The NBA has warned owners and employees they could face as much as $1 million fines for violating policy on talking about lockout or players during work stoppage.
NBA commissioner David Stern was serious when he said no owners or employees can talk about the lockout or players during the league’s labor strife.
Charlotte Bobcats owner and former NBA great Michael Jordan found out just how serious Stern was when he was assessed a $100,000 fine for discussing NBA business with an Australian newspaper last month, according to an ESPN report. Jordan was dinged for telling the Herald Sun that the league needs revenue sharing to help the smaller market teams and he also mentioned Milwaukee Bucks’ center Andrew Bogut, who is Australian.
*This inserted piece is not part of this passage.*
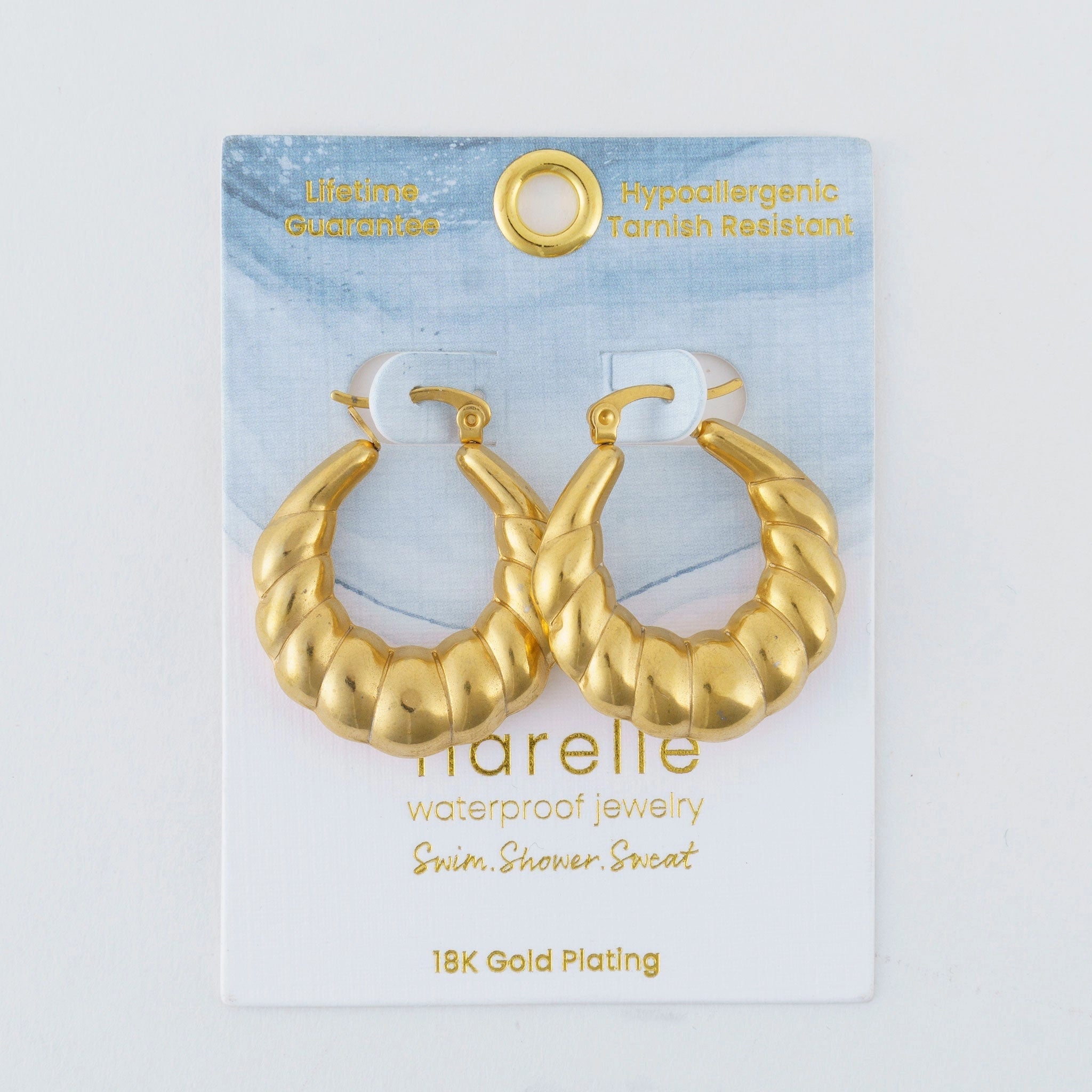 Chic and understated, the Narelle Waterproof Twisted Chunky Hoop Earrings offer a trendy twisted, chunky hoop design in classic, goes-with-everything gold or silver. With a familiar pin catch closure and effortless style, these earrings are an instant wardrobe staple. Waterproof , 18K gold or Stainless Steel plated and made with a specialized PVD technique to withstand the rigors of life, from swimming and showering to sweating through your most intense workouts, all without ever losing its shine. waterproof jewelry, gold jewelry, stainless steel jewelry, fade proof, tarnish resistant, water resistant, Real Gold Dipped, tarnish-free, non-tarnish, water proof, sweatproof jewelry, Fade Resistant, Anti-oxidation.

"We need a lot of financial support throughout the league as well as revenue sharing to keep this business afloat,” Jordan said in the Aug. 19 interview. "We have stars like Bogut who are entitled to certain type of demands. But for us to be profitable in small markets, we have to be able to win ballgames and build a better basketball team."
Most believe Jordan got away with quite a bit when he was the NBA's marquee player, but things have apparently changed for His Airness as an owner.
Jordan actually got off with a relatively light penalty, because the league sent out a memo prior to the July 1 lockout warning owners and employees that anyone who violated the policy of discussing players or the lockout could be fined up to $1 million.
It’s no secret the smaller-market teams are struggling, which is primarily why the NBA is in a lockout. Most of the league is said to be working in the red. So they want the players to take considerably less than their 57 percent stake in the overall league revenue. But another way to lessen the $300 million in losses the NBA says it suffers is for franchises like the Los Angeles Lakers to share some of its revenue with the smaller market teams.